**Task:** Reproduce the listing below exactly. Pictures do not belong in the copy.

**Data section:**
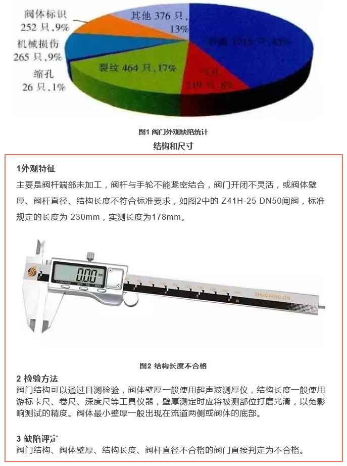 2014年,長慶油田技術監測中心共檢驗各類閥門 170284只,有 5622只閥門不合格,不合格率為3.30%,其中外觀質量檢驗不合格2817只,占檢驗不合格總數的 50.11%。 主要有砂眼、氣孔、裂紋、機械損傷、縮孔、標志和閥體壁厚不合格等(如下圖 圖1)
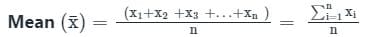 Arithmetic mean = (Sum of all observations) / (Total number of observations)
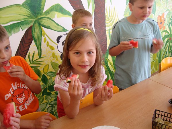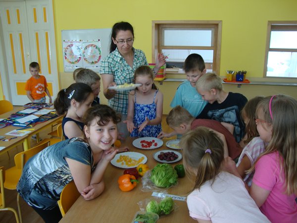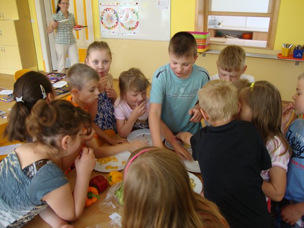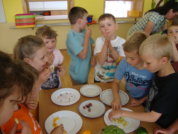 Některé z nich byly velmi exotické a jejich názvy jsme neuměli ani pořádně vyslovit. Třeba takový kumquat – plod připomínající malinký pomeranč byl pro nás novinkou. Poznávali jsme některé druhy po hmatu, jiné se zavřenýma očima jen podle chuti. Na závěr nás čekala ochutnávka všech druhů ovoce a zeleniny, které byly v koších.

**Response below:**
 2014年,長慶油田技術監測中心共檢驗各類閥門 170284只,有 5622只閥門不合格,不合格率為3.30%,其中外觀質量檢驗不合格2817只,占檢驗不合格總數的 50.11%。 主要有砂眼、氣孔、裂紋、機械損傷、縮孔、標志和閥體壁厚不合格等(如下圖 圖1)
 Arithmetic mean = (Sum of all observations) / (Total number of observations)
 Některé z nich byly velmi exotické a jejich názvy jsme neuměli ani pořádně vyslovit. Třeba takový kumquat – plod připomínající malinký pomeranč byl pro nás novinkou. Poznávali jsme některé druhy po hmatu, jiné se zavřenýma očima jen podle chuti. Na závěr nás čekala ochutnávka všech druhů ovoce a zeleniny, které byly v koších.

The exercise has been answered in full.